SUBJECTS: Braddon and Longman by-elections; Newspoll; Corporate tax cuts; Labor’s economic plan.

KIERAN GILBERT: This is AM Agenda, with me now the Shadow Assistant Treasurer, Andrew Leigh. Thanks very much for your time. Obviously I spoke to Bill Shorten earlier, he's very happy this morning understandably given how much was at stake that week on Saturday, the Super Saturday by-elections.
 
ANDREW LEIGH, SHADOW ASSISTANT TREASURER: As he should be.
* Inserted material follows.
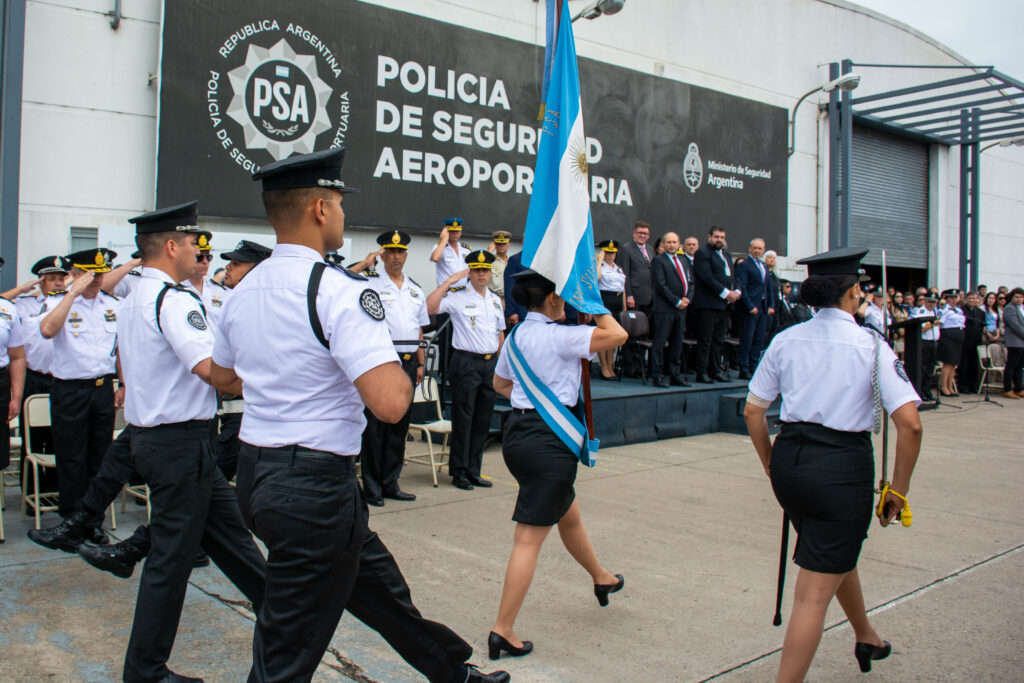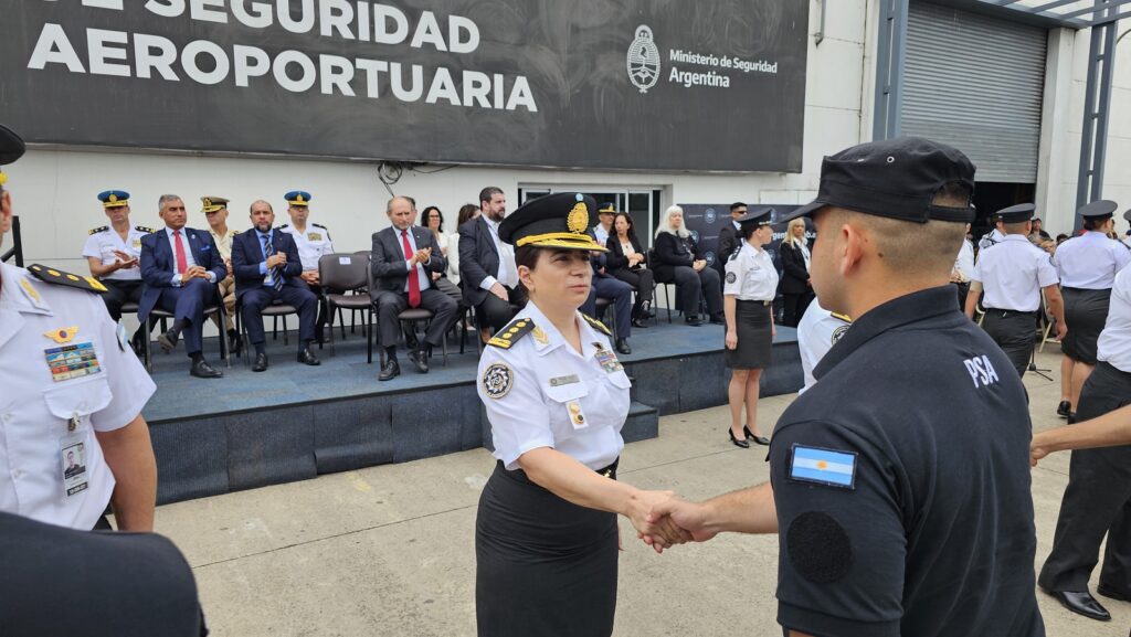 El momento más significativo de la jornada se vivió cuando los flamantes oficiales cambiaron el escudo de cadete por el de la Policía de Seguridad Aeroportuaria, simbolizando así su incorporación definitiva a la estructura operativa de la fuerza.

Bill campaigned extraordinarily hard, particularly in Braddon and Longman but also in Mayo, Perth and Fremantle. We've seen this result not only a reinforcement of Bill's positive plan but also an utter repudiation of Malcolm Turnbull and Turnbullnomics. This idea that a big company tax cut is going to be good for the Australian economy has been rejected by many economists and now rejected by thousands of Australian voters.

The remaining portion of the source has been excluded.